An unfinished love song, a eulogy.

The only girl I ever loved was seventeen, with ivory skin, eyes like winter mornings, and hair to rival the autumn in which we met.

There was a certain inexplicability to the beauty and the chaos of that hair: no ordinary shade of red but a blistering conflagration of vermilion and rust, cascading past her elbows in a cacophony of curls. She had makeup like graffiti and a gaze like shattered glass, but none of it compared to her voice, which rang through the air with vivid incandescence, and lingered in the silence like a trace of falling silver.

As the phoenix ascends from an insensibility of ash, so the girl I love emerged from the dust of her broken home, seeking vitality in an apathetic age. Her dissonance held the promise of new beginnings, but its transience left the tragedy of absence in her wake; in the end, it was discordant silence that carved her memory into my skin.

I never asked what happened to her, never tried to find out. It involved a razor and her wrists, and that was all I cared to know. Sometimes I like to remember her as an angel, all flame and song and shattered possibility, teaching me to live again. But other times, without meaning to, I envision a car on a fog- shrouded highway, hurtling into oncoming traffic: her blood on the windshield, mine on the seats. We should have died together, her and I.
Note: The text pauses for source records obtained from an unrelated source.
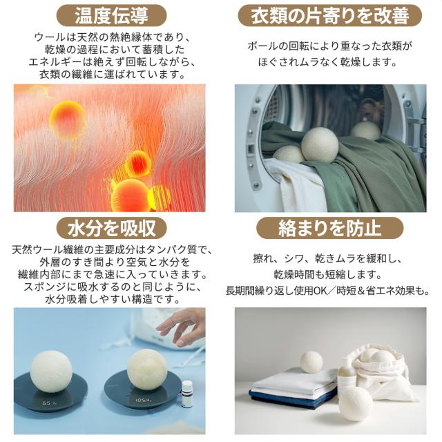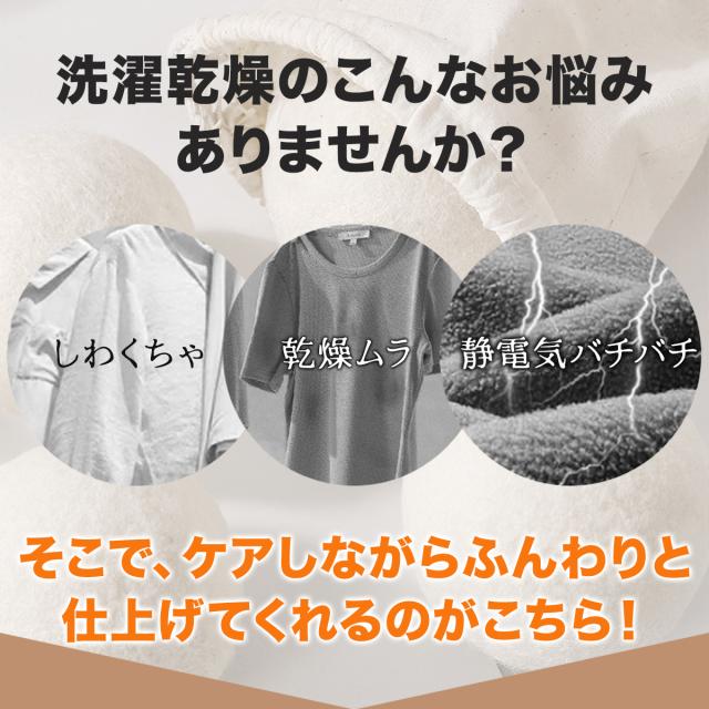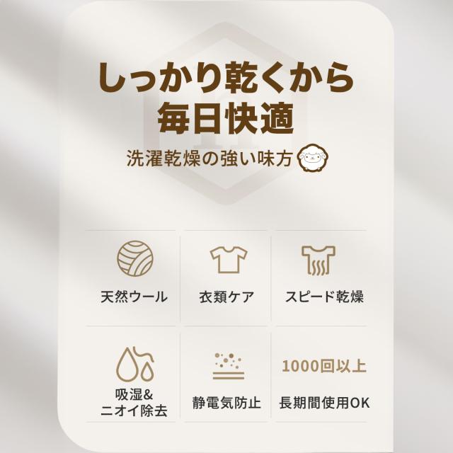 ●乾燥スピードアップ/絡まり防止/静電気解消/あらゆる衣類やシーツ/カバーの乾燥に対応 しっかり乾くから毎日快適 乾燥機の強い味方 天然ウール/衣類ケア/スピード乾燥/吸湿&ニオイ除去/静電気防止/長期間使用OK |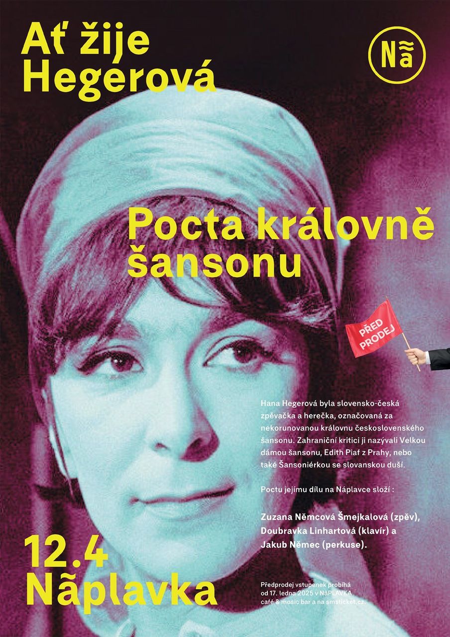 Hana Hegerová byla slovensko-česká zpěvačka a herečka, označovaná za nekorunovanou královnu československého šansonu. Zahraniční kritici ji nazývali Velkou dámou šansonu, Edith Piaf z Prahy, nebo také Šansoniérkou se slovanskou duší. Poctu jejímu dílu na Náplavce složí Zuzana Němcová (zpěv) Šmejkalová, Doubravka Linhartová (klavír) a na perkuse Jakub Němec.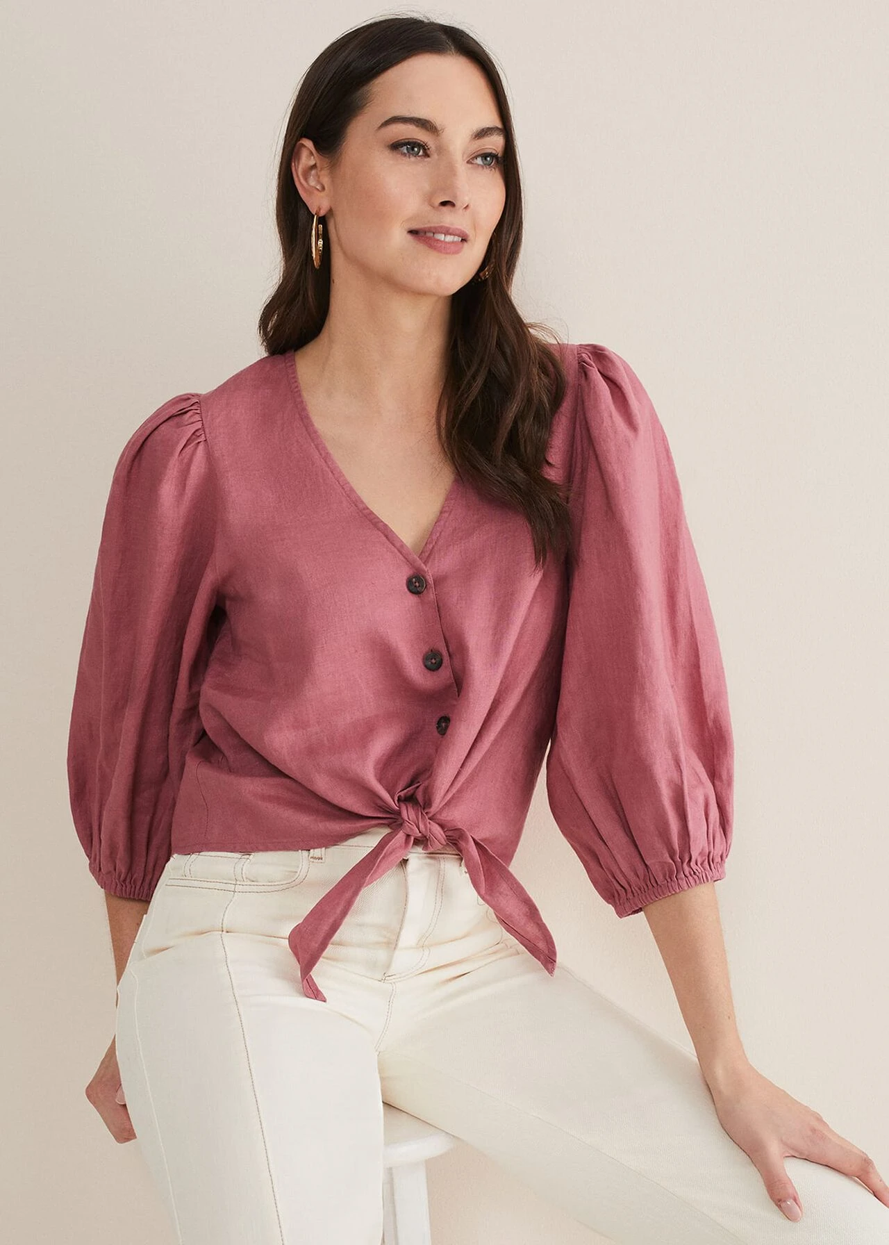 Raven Linen Tie Front Blouse

In the melancholy traces of half-forgotten melodies, her voice stitches silently through the fabric of my reality, my infinity echoing with the virtuoso of her grief. She never knew I loved her, and yet some nights I dream of her still: starlight trailing from her fingertips, tangling in that fiery hair. In my dreams she is alive, and she is crying: my universe contained within the confines of each cyan iris, her mouth moving softly in mine.

It has been two years since I last heard the melody of the beautiful, broken girl who bared to me her renegade heart and a soul like tinted glass. She had a voice like the landslide of a thousand falling stars, but she never found a song to match the violence in her eyes.